### [Records supplied]
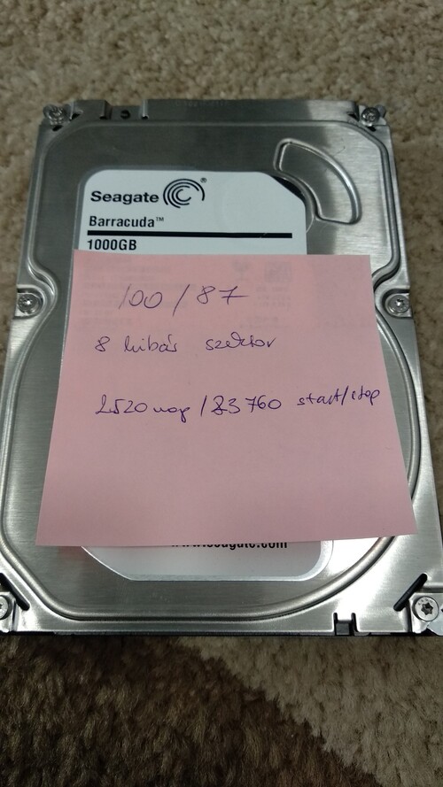 2) WD Green WD5000AADS (500GB/7200rpm/32MB) HD Sentinel - 100/92 (7 hibás szektor) - 1000Ft3) Seagate Barracuda ST1000DM003 (1000GB/7200rpm HD Sentinel - 100/87 (8 hibás szektor) - 2000Ft
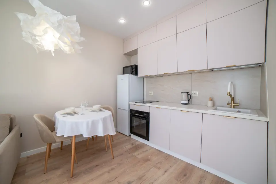 * Полноценная кухня (варочная панель, микроволновка, чайник, посудомоечная машина, духовка, кондиционер)
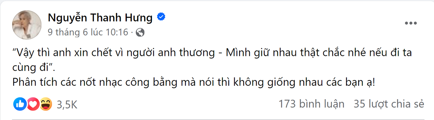 Nam ca sĩ chia sẻ: "Nếu là đoạn này thì các bạn nói na ná giống 'việc của em là yêu anh…' (điệp khúc của Đúng Người Đúng Thời Điểm) thì cũng không sai. Nhưng cũng chỉ 3-4 nốt thì không đáng để bàn luận quá nhiều. Bởi việc các bài hát trùng số nốt với nhau là bình thường".
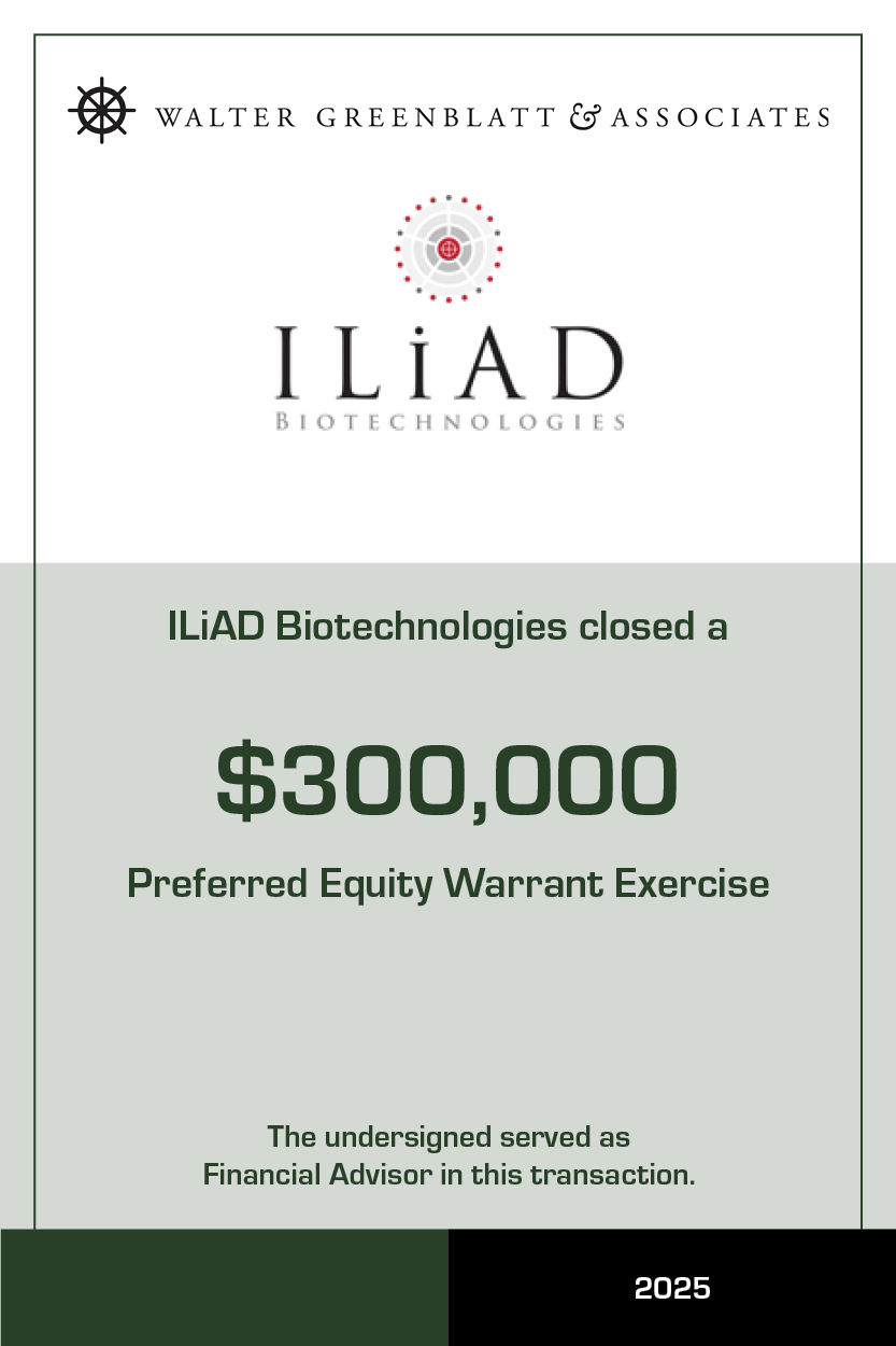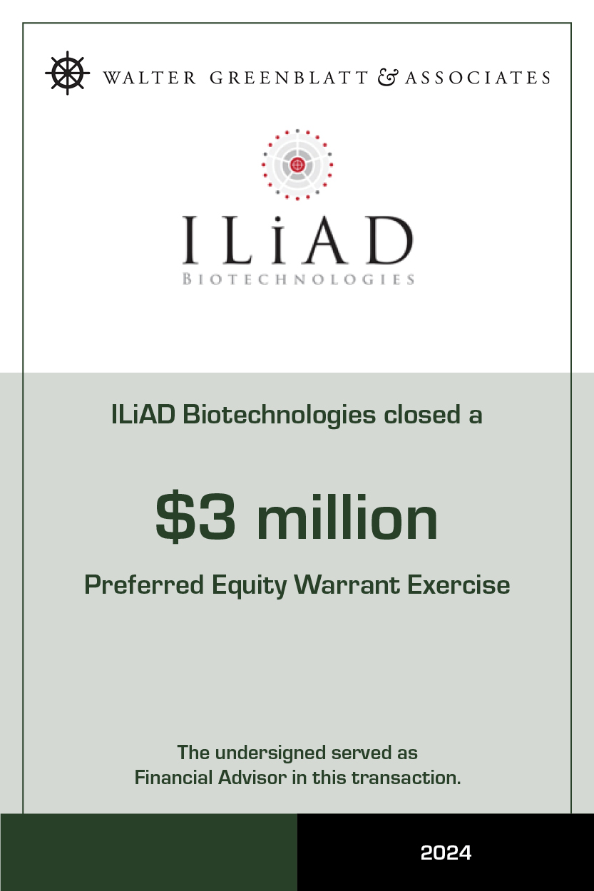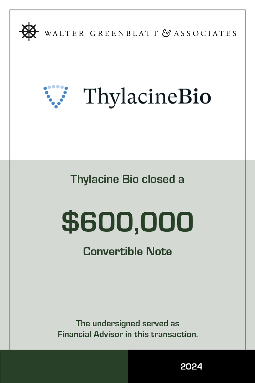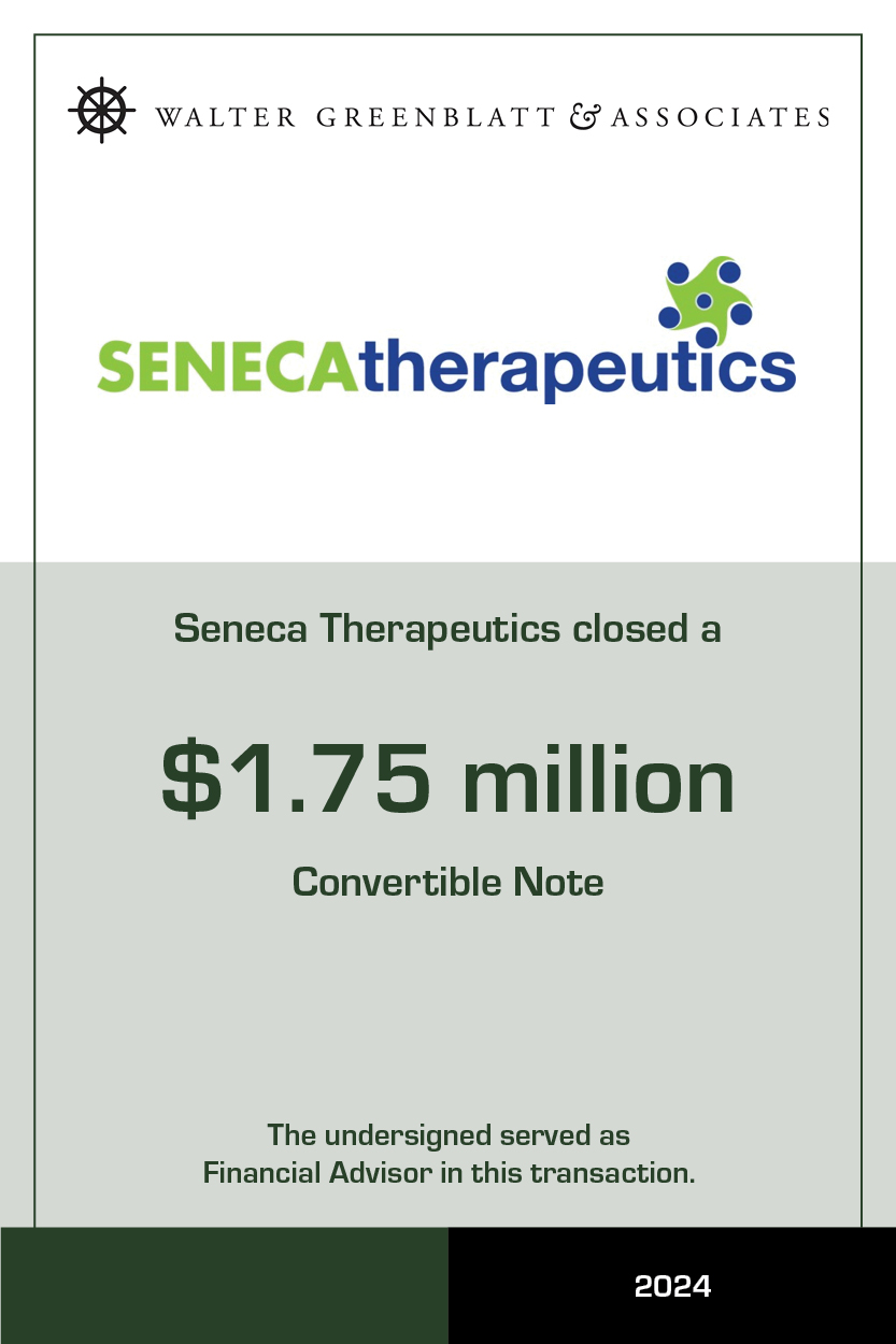WALTER GREENBLATT & ASSOCIATES enables companies to raise the early stage capital to demonstrate and build clinical and commercial traction
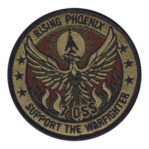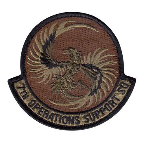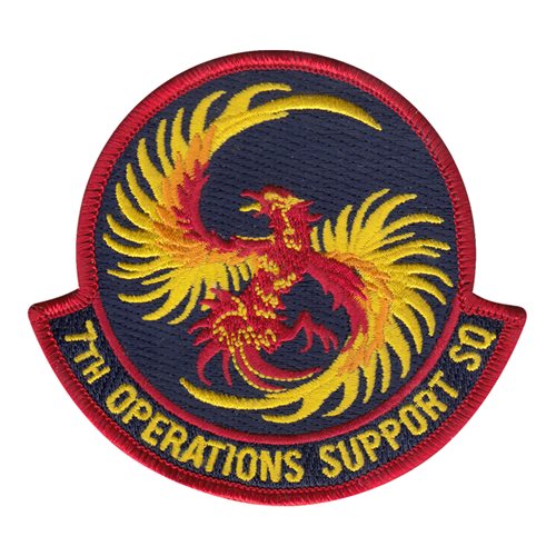 Custom patches for the 7th Operations Support Squadron at Dyess Air Force Base in Abilene, Texas. Our 7 OSS patches are 100% embroidered with Velcro backing.
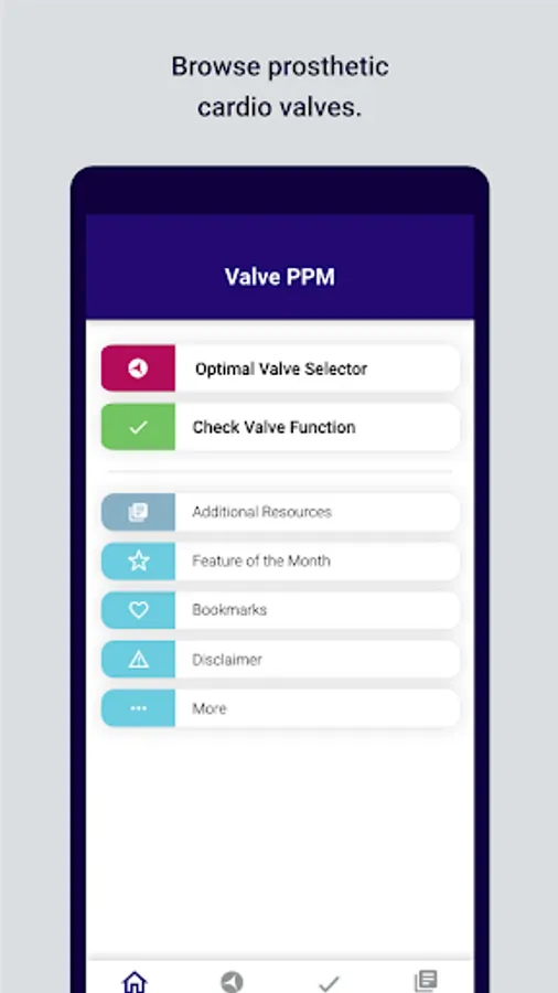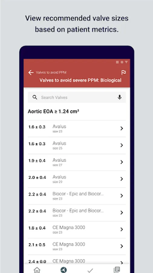 The application provides guidelines for assessing an already implanted valve (Check Valve Function) and for choosing a valve before implantation (Optimal Valve Selector). The algorithms behind the App have been derived after an extensive research of the published materials on the aortic and mitral prosthetic valve assessment.
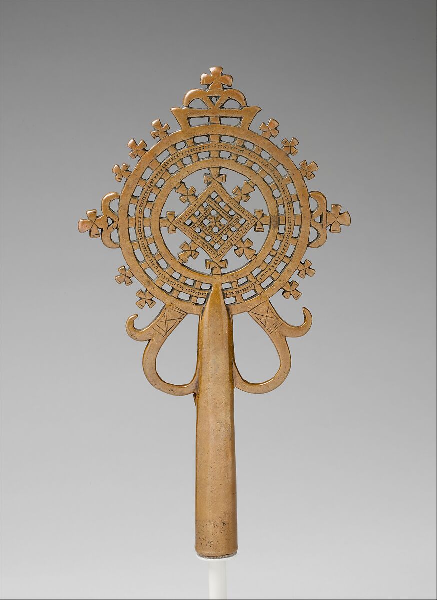 By the early Solomonic period (ca. 1270–1530 ce), Ethiopian elites demonstrated their devotion and piety by commissioning manuscripts, wall paintings, and crosses. When sanctified by Christ’s blood in sacramental rites, the cross conferred infinite power to heal and bless. Identified simultaneously with the triumph of resurrection and the Tree of Life, the cross has been translated into an infinite array of complex openwork designs carved in wood or cast in bronze or silver. The regenerative properties of the cross have been visually expressed through organic forms such as vegetation or birds radiating out from the center. While tendril-like smaller crosses convey a sense of vitality and growth, avian motifs herald the Ascension of Christ. When the cross is affixed to a wood staff and raised heavenward by the clergy in liturgical processions, its negative space would be silhouetted against a celestial backdrop.

### [Try it]
Where a line contains "WALTER GREENBLATT &", begin there and transcribe every line through the last one of the records above, exactly and with no pictures.

### [Reply to the task]
WALTER GREENBLATT & ASSOCIATES enables companies to raise the early stage capital to demonstrate and build clinical and commercial traction
 Custom patches for the 7th Operations Support Squadron at Dyess Air Force Base in Abilene, Texas. Our 7 OSS patches are 100% embroidered with Velcro backing.
 The application provides guidelines for assessing an already implanted valve (Check Valve Function) and for choosing a valve before implantation (Optimal Valve Selector). The algorithms behind the App have been derived after an extensive research of the published materials on the aortic and mitral prosthetic valve assessment.
 By the early Solomonic period (ca. 1270–1530 ce), Ethiopian elites demonstrated their devotion and piety by commissioning manuscripts, wall paintings, and crosses. When sanctified by Christ’s blood in sacramental rites, the cross conferred infinite power to heal and bless. Identified simultaneously with the triumph of resurrection and the Tree of Life, the cross has been translated into an infinite array of complex openwork designs carved in wood or cast in bronze or silver. The regenerative properties of the cross have been visually expressed through organic forms such as vegetation or birds radiating out from the center. While tendril-like smaller crosses convey a sense of vitality and growth, avian motifs herald the Ascension of Christ. When the cross is affixed to a wood staff and raised heavenward by the clergy in liturgical processions, its negative space would be silhouetted against a celestial backdrop.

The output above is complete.